Aos olhos dele

A chuva de horas mais cedo parecia ter caído apressada só para que, naquele momento, as estrelas pudessem iluminar seus cabelos soltos. Foi inevitável sorrir ao vê-la escorada no poste da rua. Os all stars harmonizavam com a camisa regata, e o frio já fazia corar o rosto mais bonito da cidade.

Não era a primeira vez que saíamos juntos num desses dias gelados. Eu sabia que ela jamais pediria meu casaco, então resolvi oferecê-lo antes de qualquer conversa. Fiquei surpreso com a rapidez da aceitação, e feliz por vê-la quentinha numa roupa que tinha duas vezes o seu tamanho. As mangas eram tão compridas que suas mãos se perdiam em meio ao pano e todas as vezes em que ela mexia o braço, eu ria. Já viram bonecos infláveis de postos de gasolina? Pois é!

Até que o taxi aparecesse, nem sabia que iríamos longe. Mais surpreendente que minha total desinformação, foi aquela mãozinha embrulhada no casaco estendida pro meu lado. Ela provavelmente queria um legítimo gentleman, então fiz questão de sê-lo. Ajudei-a a entrar no carro, dei a volta e entrei pelo outro lado. Poucos segundos depois, notei que ela repousou a cabeça no meu ombro esquerdo. O motorista perguntou para onde iríamos, mas ela respondeu tão baixinho que não fui capaz de ouvir. Não importa, acompanhado daquele sorriso, eu iria a qualquer lugar.

O tempo passou rápido. Fomos de um ponto ao outro embalados pelas músicas românticas dos anos 80. Coisa do motorista, que aos seus 70 anos ainda aparentava ser muito ativo. Paguei-o e mantive a compostura de minutos atrás, descendo primeiro para abrir a porta para a dama ao meu lado. O olhar do senhorzinho foi de aprovação, acho que fiz tudo certo.

Ou, ela não me decepciona! Fomos deixados na praça central e, antes que eu pudesse me acostumar ao local, fui puxado rua acima. Não faço ideia de como, mas ela tinha notado a minha fome. Entramos no Subway mais próximo. Eu nos arrumaria uma mesa, ela faria o pedido. A mocinha comemorou o fato de ter acertado meu sanduíche favorito como se fosse a única a saber as preferências alheias. Que tipo de companheiro eu seria se não soubesse que, há anos, ela pede frango teriyaki, queijo prata, pão australiano e molho picante? Escolhi a poltrona do canto, a mesma que ela escolheu em todas as últimas vezes que passamos por lá.
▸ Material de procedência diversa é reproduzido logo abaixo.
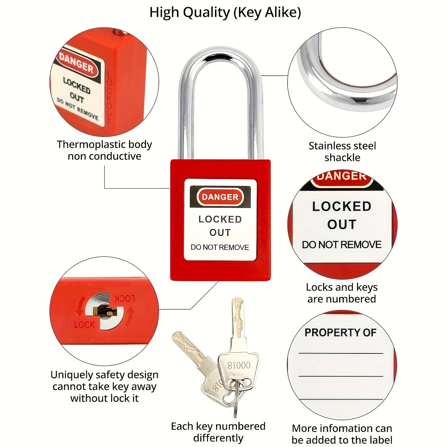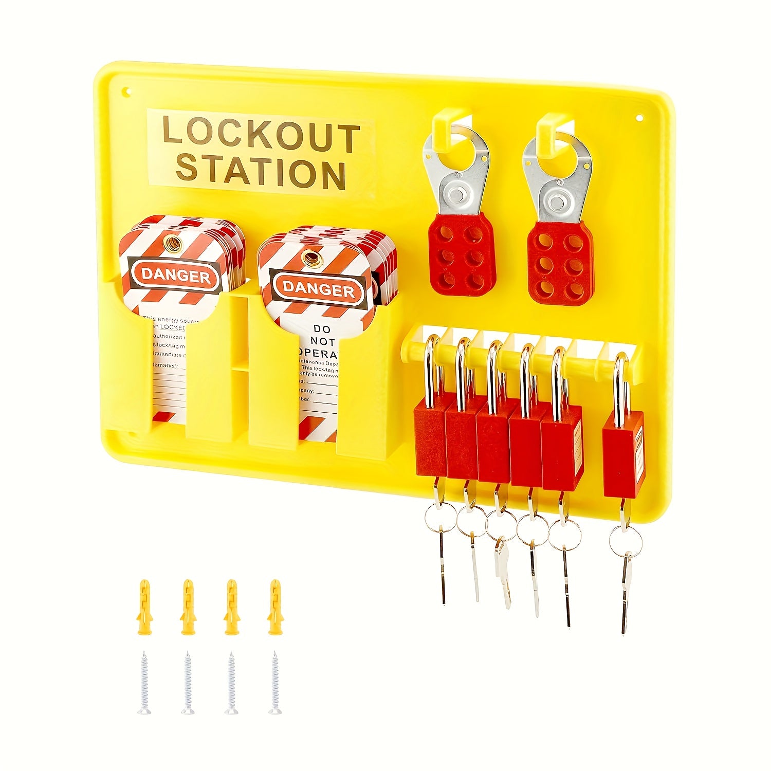 تتضمن المجموعة محطة قفل واحدة لتنظيم الأدوات، و6 أقفال أمان، و2 مزلاج (Hasps) لدعم القفل الجماعي، بالإضافة إلى 32 بطاقة تحذيرية قابلة للكتابة لتوضيح حالة المعدات، و20 رباطًا بلاستيكيًا لتثبيت البطاقات أو الأقفال عند الحاجة. صُممت المجموعة لتناسب مفاتيح ومصادر طاقة مختلفة، ما يجعلها مرنة وسهلة التطبيق في مختلف الأنظمة.

Trocamos ideia sobre economia, ética, relacionamentos e outras mil coisas. Só sei que saímos de lá atrasados. Voltamos à praça e nos sentamos bem lá no fundo, abraçadinhos pra não morrer de frio. Acho que nunca me esquecerei desse encontro, ao menos não em dias como hoje, em que a chuva não cai e o céu permanece completamente apagado. Ninguém entenderá a calmaria que rege a nossa amizade, a simplicidade e a longevidade do nosso amor. Um amor quieto, que se encolheu dentro da saudade.